─── Exercise data

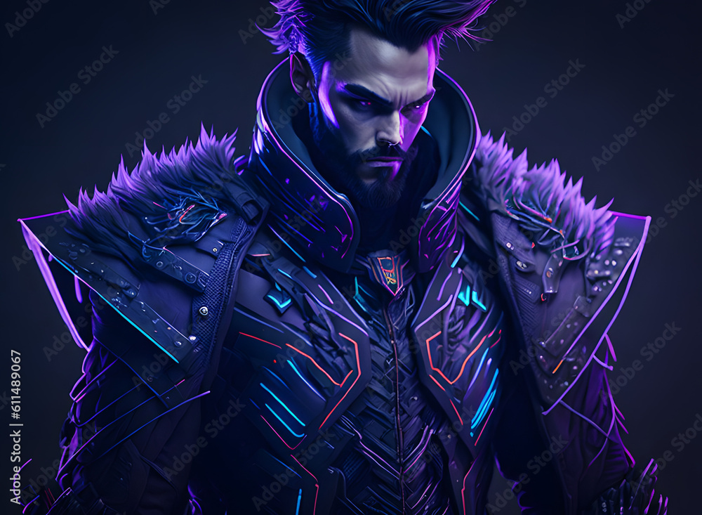 An appealing man in futuristic garb is depicted in a cyberpunk painting. Generative AI. #611489067
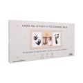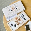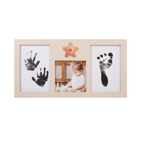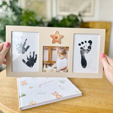 Stylový fotorámeček, který je navržen tak, aby zachytil nejen tvář vašeho děťátka, ale i otisky ručiček či nožiček. Balení obsahuje: barevný fotorámeček na fotografii a otisky, černou inkoustovou podložku na otisky, potiskové papíry a návod. Velikost rámečku: 36,8 × 19 × 1,3 cm Vhodný na fotografii o rozměru: 11 × 11 cm
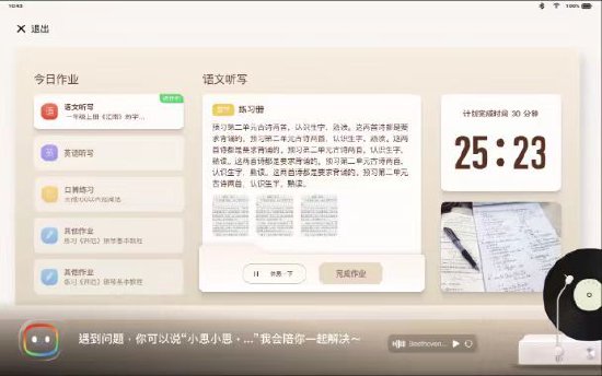 赵璞铮讲到,此次升级“小思作业模式”的核心,就是“给孩子构建一个专注的书桌场景”。小思作业模式有多样化的作业布置方式,可以自己拍照添加,也可以喊家长通过家长端添加;在开始写作业之后,会有任务计时、背景轻音乐,打造高效自学的绿色学习环境。写完之后,可以拍照提交作业,同步到家长端。
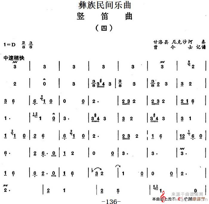 曲谱图网为您提供彝族民间乐曲:竖笛曲(四)笛子独奏)找谱子,就上曲谱图网。
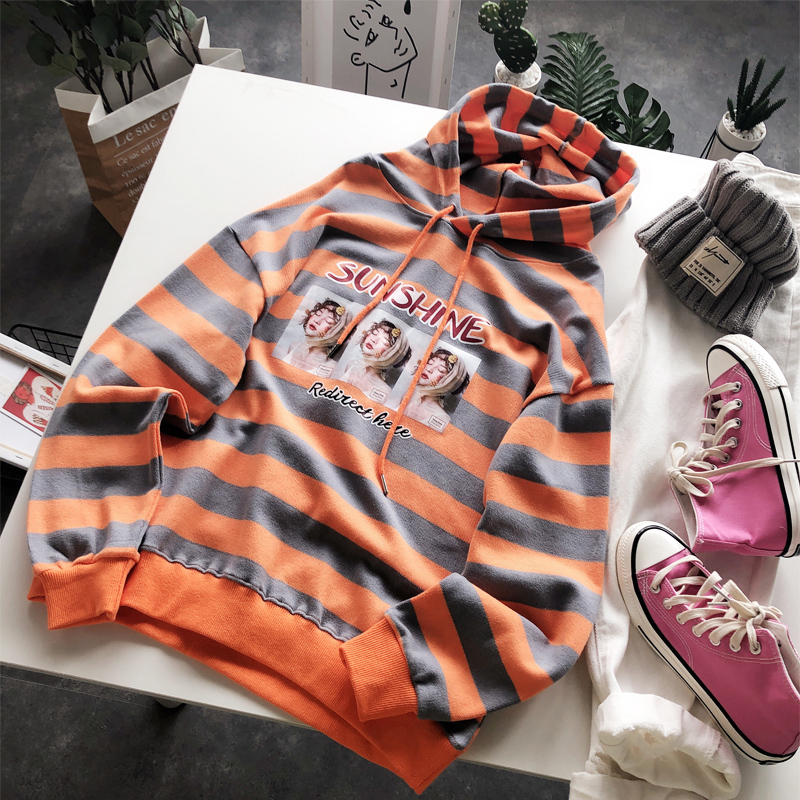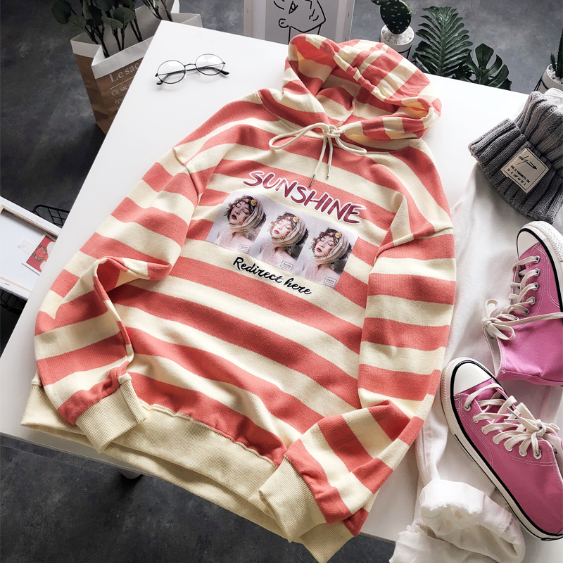 BOOPDO DESIGN VINTAGE STRIPED RELAXED HOODIE WITH PRINT
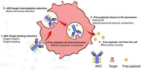 Acquired or primary resistance to ADC therapy has to be considered a multifactorial event due to the different steps involved in the ADC mechanism of action [13]: antigen recognition, internalization, payload release inside the lysosome, and trafficking inside the cell to reach the target (Figure 2).
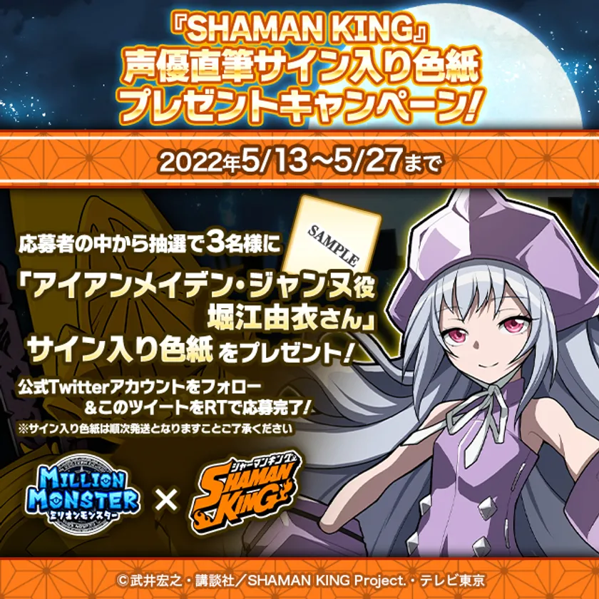 株式会社EX(所在地:東京都渋谷区、代表取締役:小野順季)は、iOS/Android端末用スマホRPG『ミリオンモンスター』において、人気TVアニメ『SHAMAN KING』とのコラボを5月13日(金)から5月27日(金)まで開催いたします。
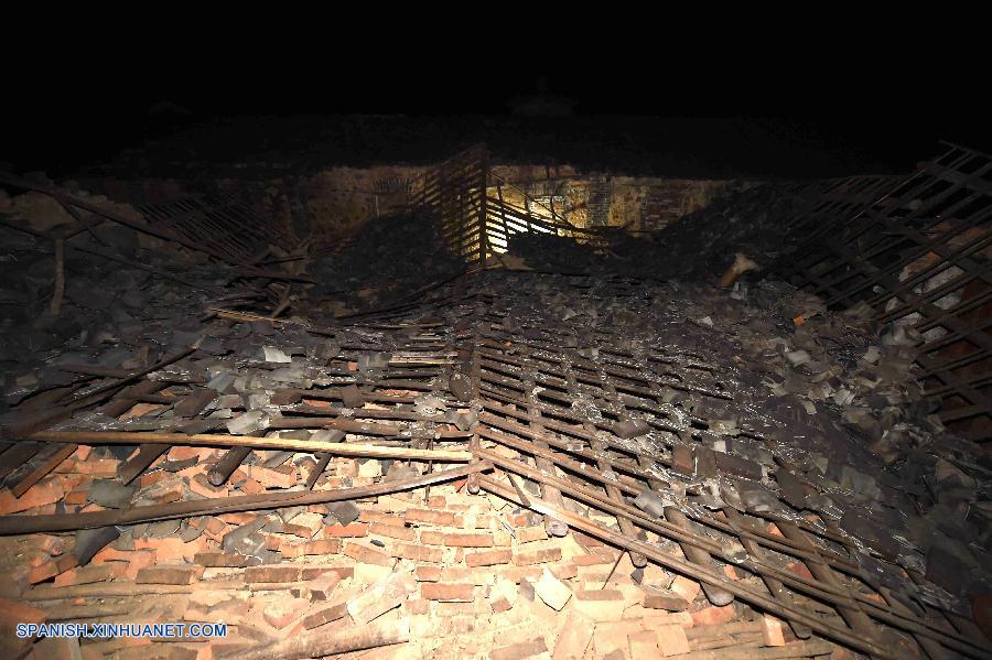 El muro de una vivienda de la aldea de Jiulong, en la ciudad de Qinzhou, se vino abajo en torno a las 17:00 horas y sepultó a cuatro ni?os que volvían a casa tras salir de la escuela.
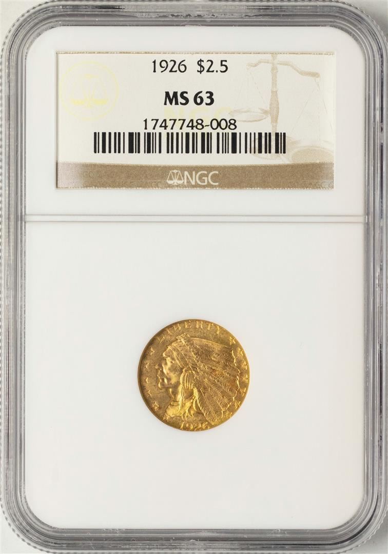 One 1926 $2 1/2 Indian Head Quarter Eagle Gold Coin NGC MS63. NGC Certified.
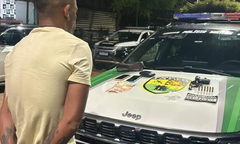 No decorrer das buscas, o suspeito foi localizado em um espaço interno do imóvel. Com ele, os agentes encontraram um revólver calibre .38 municiado, além de porções de substância semelhante à cocaína, celulares e dinheiro em espécie.
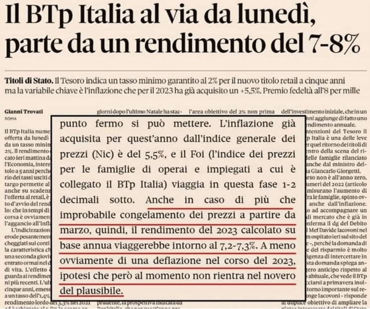 Marzo 2023: lo stato italiano, in piena bagarre inflazione, colloca il Btp Italia, un titolo quinquennale che, con una cedola minima stabilità del 2% annuo, per gli addetti ai lavori, “parte” da un rendimento del 7-8%. La richiesta dei risparmiatori è stata elevatissima e, non poteva essere da meno, dato che media (sotto l’articolo del sole 24 Ore) ed analisti esaltavano i rendimenti “miracolosi” di questo titolo. Come rinunciarvi, dopo anni di titoli obbligazionari con rendimenti vicini allo zero e, dopo l’elevata volatilità che aveva dominato i mercati finanziari nel 2022?
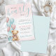 The back features a coordinating background that ties in the pink and blue palette for a clean, cohesive finish. Perfect for year-round baby showers, this charming and versatile invitation is available as a printed card or a digital file for easy sharing or local printing.

──────

Description of the task: Going by the data above, the answer is exactly the lines from the one holding "El muro de una" to the one holding "One 1926 $2", both kept, with the pictures left out.

Finished task:
 El muro de una vivienda de la aldea de Jiulong, en la ciudad de Qinzhou, se vino abajo en torno a las 17:00 horas y sepultó a cuatro ni?os que volvían a casa tras salir de la escuela.
 One 1926 $2 1/2 Indian Head Quarter Eagle Gold Coin NGC MS63. NGC Certified.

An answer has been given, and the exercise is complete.